Run multiple isolated browser sessions simultaneously:

agent-browser --session site1 open "https://site-a.com"
agent-browser --session site2 open "https://site-b.com"

agent-browser --session site1 snapshot -i
agent-browser --session site2 snapshot -i

Each session has independent cookies, storage, and browsing history.

Ad-Hoc Command Execution

The extension also supports running arbitrary bash commands through the exec endpoint. This is used internally by the "Run selected text" feature, allowing you to execute any shell commands with the AGENT_BROWSER_SESSION environment variable pre-set.

Keyboard Shortcuts

ShortcutAction
Ctrl+EnterRun script (or selected text)
Ctrl+SSave script
Enter (in URL bar)Navigate to URL
Enter (in AI prompt)Generate script
Enter (in type field)Send typed text

Troubleshooting

Browser Not Starting

  • Verify agent-browser is installed: run agent-browser --version in your terminal
  • Ensure you are running in local mode (the extension is disabled for remote/non-local deployments)

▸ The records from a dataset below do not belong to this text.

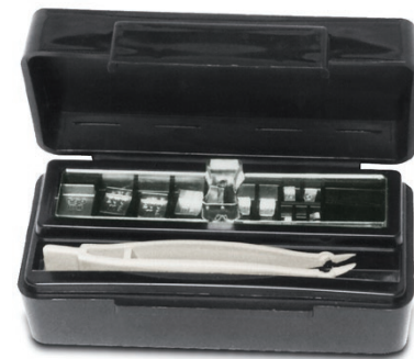
PN 12093 Set Includes Tweezer and Glove
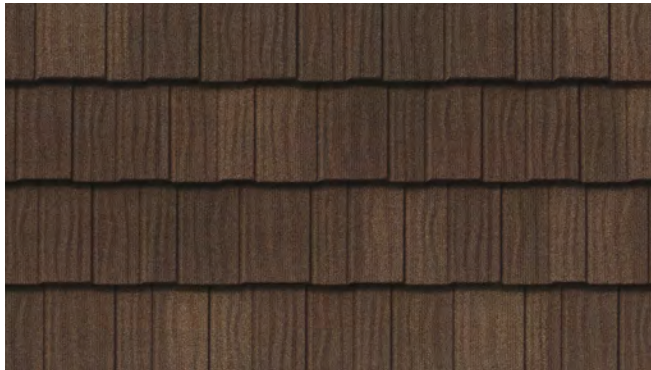
DECRA SHAKE XD Antique Chestnut
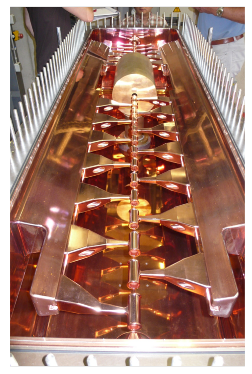
Figure 3: IH-cavity of the BNL EBIS Linac is very similar to the first IH-cavity of the heavy ion front-end [4].
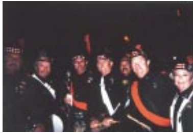
John Ratzenberger (Cliff Clavin of Cheers) with the band at the end of the parade in Washington D.C.
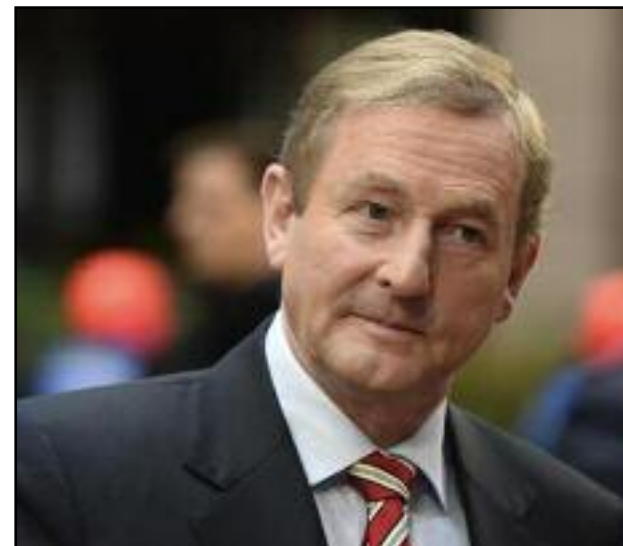
COUNTERPART: Irish Prime Minister Enda Kenny

agreement now, with a cycle of elections approaching, a great opportunity will have been lost."
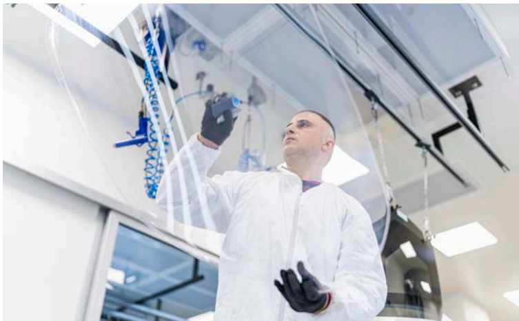
— Isoclima glass processing

Unified by a wealth of cross-sector knowledge and cutting-edge technologies, our solutions stand out for their ability to balance sophistication and function.
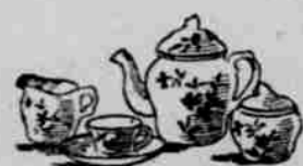
Beautiful line of China and Cut Glass
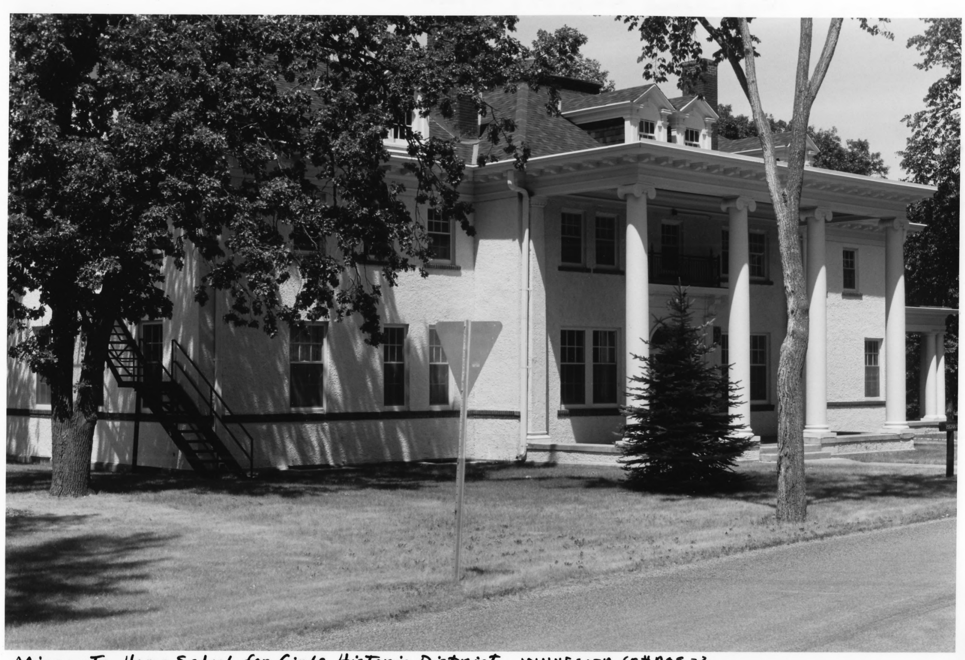
MinnesoTA Home School for Girls Historic District - MINNESOTA COHAGE - 2 STEARNS COUNTY, MN. 09906-6
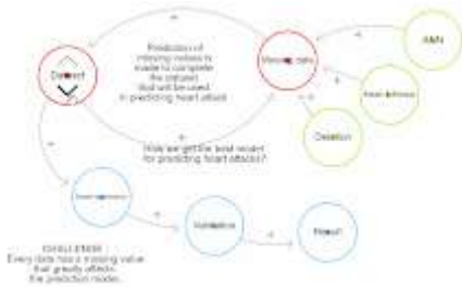
Graphical Abstract.gif 4571K
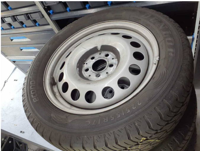
Figure 21: Misc.
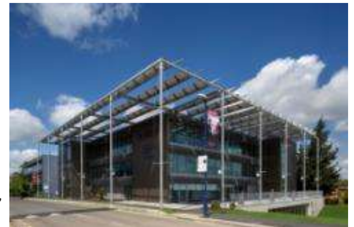
5G Innovation Centre building, University of Surrey

The 5GIC is a partner in vHive (see below).

Screenshots Show "Connecting" Placeholder

  • The browser may still be loading. Wait a moment and the screenshot will update
  • Check the debug log for errors from agent-browser commands

Stale Element Refs

If clicking an element does nothing or errors with "ref not found", the page has changed since the last snapshot. Click Refresh in the Elements panel to get fresh refs.

Script Timeout

Scripts have a 60 seconds execution timeout which can be overridden with:

AGENT_BROWSER_TIMEOUT=120

For long-running automations consider breaking them into smaller scripts or increase individual command timeouts.

Kill Stuck Processes

If the browser becomes unresponsive, use the Kill all button (X icon with server stacks) in the header bar to terminate all agent-browser processes and start fresh.